(so misleading...sort of sorry: this picture has nothing to do with sherry. It is from another trip to France, however, to Angers, to check out l'Atoll, a lovely outdoor shopping forum with some super edgy design elements)
Some readers may recall, from last April's trip to Paris--that triathlon training/pre-pneumonia trip--that I had an encounter with a certain Tio Pepe. I was in Paris looking for Verjus, for a long-awaited dinner reservation, and wandered in confusion around quirky multi-level, multi-staired streets around the Palais Royal, looking for Verjus, when I came across what I thought was the Verjus Wine Bar. Which I thought would be a good place to while away an hour or so before the dinner reservation. I was wrong -- about it being the Verjus Wine Bar that is. I had stumbled into another (maybe even more perhaps) fabulous wine bar--one with a much longer pedigree in this charming quartier. Juveniles. Unknown to me at the time, but well-known now, it is one of the best wine bars in Paris for some.

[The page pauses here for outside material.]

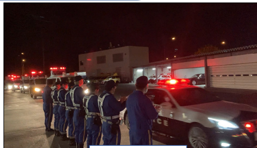
同僚に見送られ出発
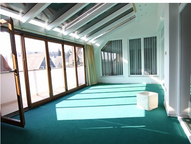
Tolle 150m 2 Penthousewohnung in Klagenfurt

I asked for something cold and dry to just take the edge off before dinner in an hour or so. What I got was a glass of something cold, crisp and white and bright - just what one wants if one is drinking something white rather than red.
This was Tio Pepe, a Spanish dry sherry, fino style. As I am in party-planning mode currently, and though already up to two signature drinks for the evening, I am recalling I just have to add Tio Pepe into the mix.
I so agree with Tim League's pronouncement: not your grandma's sherry - in his BADASS Digest in which he includes my dear friend Tio Pepe. (Caveat: It's an older 2011 article and refers to a sherry tasting at The Highball. Long, long sigh that Highball is N/A right now.)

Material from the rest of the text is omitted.